Every kernel above 3.16.x just fails.

3.16.x - no freeze
> 3.16.x - freezes no later than six hours after video launch. 

I checked many kernel versions: 3.16.x, 3.17.x, 3.18.x, 3.19.x, 4.0.x, 4.1.x, 4.2.x and latest 4.3. None of described above kernel parameters works.

For tests I used ASROCK SBC-211P (Baytrail-E3800).
Comment 108 Laszlo Fiat 2015-11-08 10:44:36 UTC
(In reply to John from comment #99)
> To cap frequency I read the max (779 for mine) from 
> 
> cat /sys/class/drm/card0/gt_max_freq_mhz
> 
> To set pick a lower value (as root)
> 
> echo 423 > /sys/kernel/debug/dri/0/i915_max_freq

I have a Z3735F baytrail tablet running Debian 8 with a 1 month old linux-next kernel. 

I've lowered the i915_max_freq to 345 MHz, and achieved stability that way. 
No freezes since then. The Z3735F GPU has a base freq of 311 MHz, so I am pretty close to that.

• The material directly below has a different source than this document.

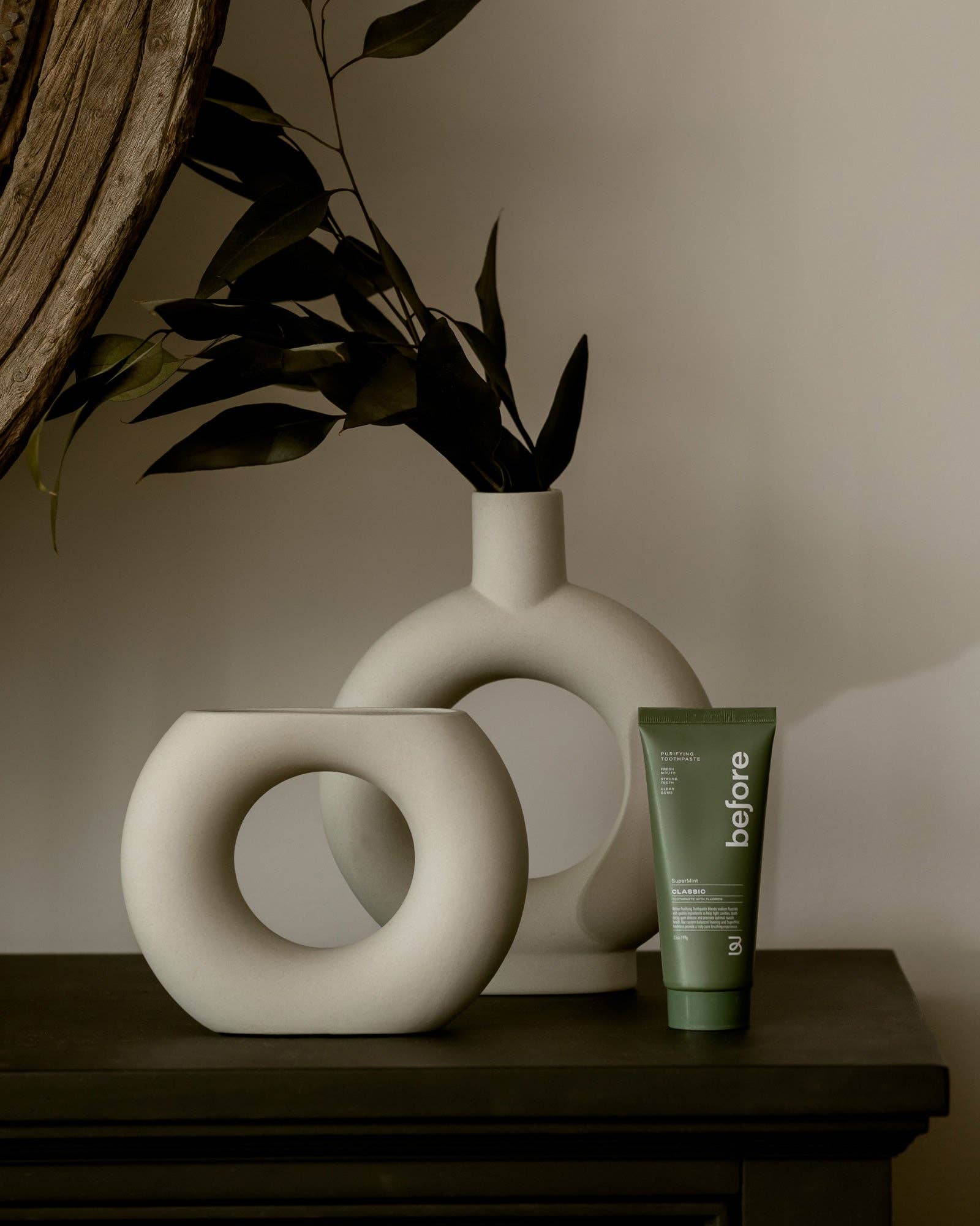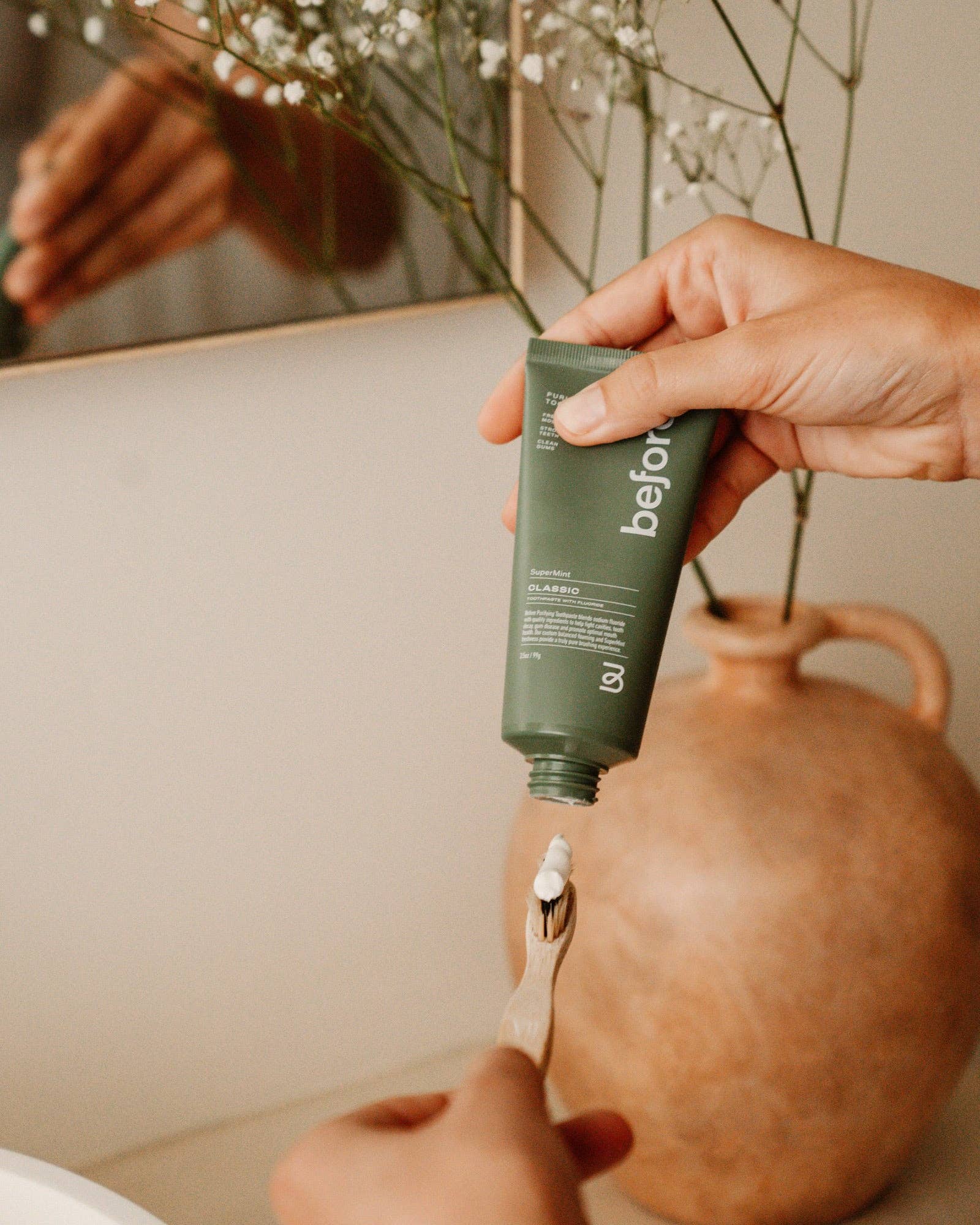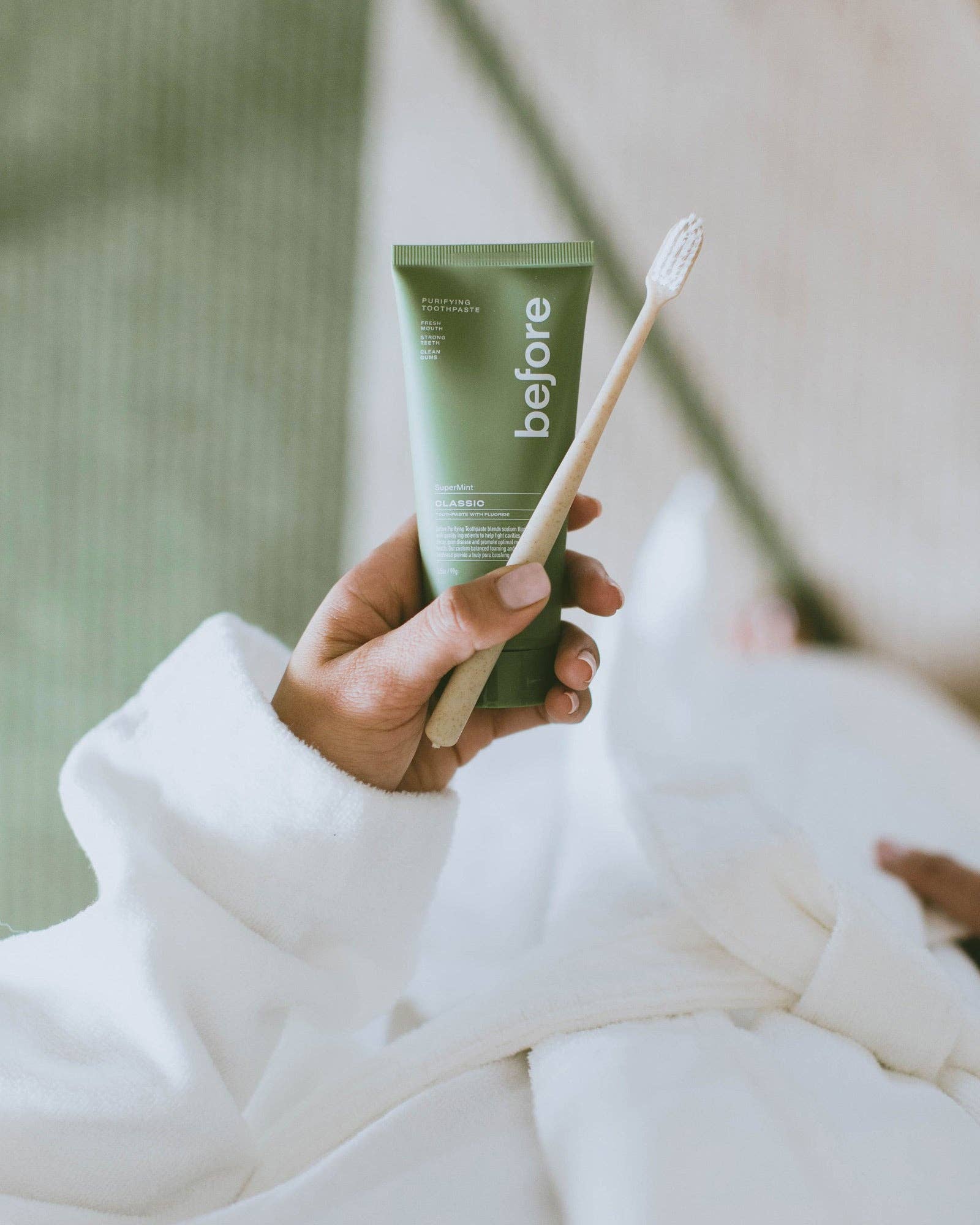 Your number one award-winning go-to cavity defence. Before’s natural Classic Toothpaste goes to battle against tooth degradation with our custom blend of high-quality ingredients and sodium fluoride. Upgrade your brushing routine with our perfectly balanced foaming, soothing SuperMint flavour and silky low-abrasion texture. Fight cavities, remineralize your tooth enamel, and level up your mouth health without harmful chemicals and synthetic ingredients.

I have also patched the kernel source with a few baytrail sdhci related patches from: https://github.com/hadess/rtl8723bs/tree/master/patches
Comment 109 Andy Furniss 2015-11-08 11:06:24 UTC
(In reply to Andy Furniss from comment #81)

<snip>

> Recently needed to re-locate and while doing so updated to 4.1.10 = hard
> lock after 7 days uptime. The kernel was not the only difference as I
> attached a usb printer and so have usb module and cups running now, though
> the printer had been off for days when it locked.
> 
> Anyway I am back on 4.1.1 now (with printer) and will have to see how long
> it lasts to be sure whether the kernel or the printer (or the move!) was the
> cause.

Still up OK after 20 days back on 4.1.1.

Strange that 4.1.10 seems to be a regression, there don't seem to be any obvious power related i915 commits between the two. Though as I am headless I am not getting and i915 interrupts anyway, which makes me thing that there is some different CPU/IO related regression. In all the testing I did before when using GPU I never locked by just stressing CPU/IO until maybe just before I stopped testing when I could get "make modules_install" to reliably lock (as noted in a previous comment).
Comment 110 Michal Feix 2015-11-08 23:20:44 UTC
(In reply to Andy Furniss from comment #109)
> (In reply to Andy Furniss from comment #81)
> 
> Still up OK after 20 days back on 4.1.1.
> 
> Strange that 4.1.10 seems to be a regression, there don't seem to be any
> obvious power related i915 commits between the two. Though as I am headless
> I am not getting and i915 interrupts anyway, which makes me thing that there
> is some different CPU/IO related regression. In all the testing I did before
> when using GPU I never locked by just stressing CPU/IO until maybe just
> before I stopped testing when I could get "make modules_install" to reliably
> lock (as noted in a previous comment).

To make it even more strange - As I reported earlier, on kernel 4.2.3 my system was unusable. I've downgraded to LTS kernel 4.1.12 and had not a single issue since than. I'm running 4.1.12 sucessufully for more than a week now - not a single freeze. I don't even need any pstate=disable command args any more, which was necessary on 4.2.3 to survive more than few minutes. I haven't tested 4.1.10 though.
Comment 111 John 2015-11-11 02:42:50 UTC
The notes for 4.2.6 claim to fix one problem that causes GPU locks.  When I added the incremental patch set, the longest it ran was about an hour (usually it froze within 5 minutes.)  I had just stopped a 6 day run (24/7) on my (ASUS baytrail) T100 specific 4.2.5 kernel (no args, 50% GPU cap) (with sdhci patches)  The freezes in 4.2.6 now seem to be independent of GPU frequency for my setup.
Comment 112 swex 2015-11-11 17:45:07 UTC
I've got freezes on baytrail tablet ASUS Vivotab note 8 (m80ta). But for me it looks unrelated to i915. Even with nomodeset and rmmod i915 system hang after some random time. From minutes to several hours.
Comment 113 cffwet 2015-11-13 03:19:03 UTC
I have system freezes on ASRock Q1900-ITX with a kernel 3.19.31-generic on an Ubuntu distro. I upgraded to kernel 4.2.0-16-generic last month and recently to 4.2.0-18-generic. The system freezes got worse (less than 10 min watching videos).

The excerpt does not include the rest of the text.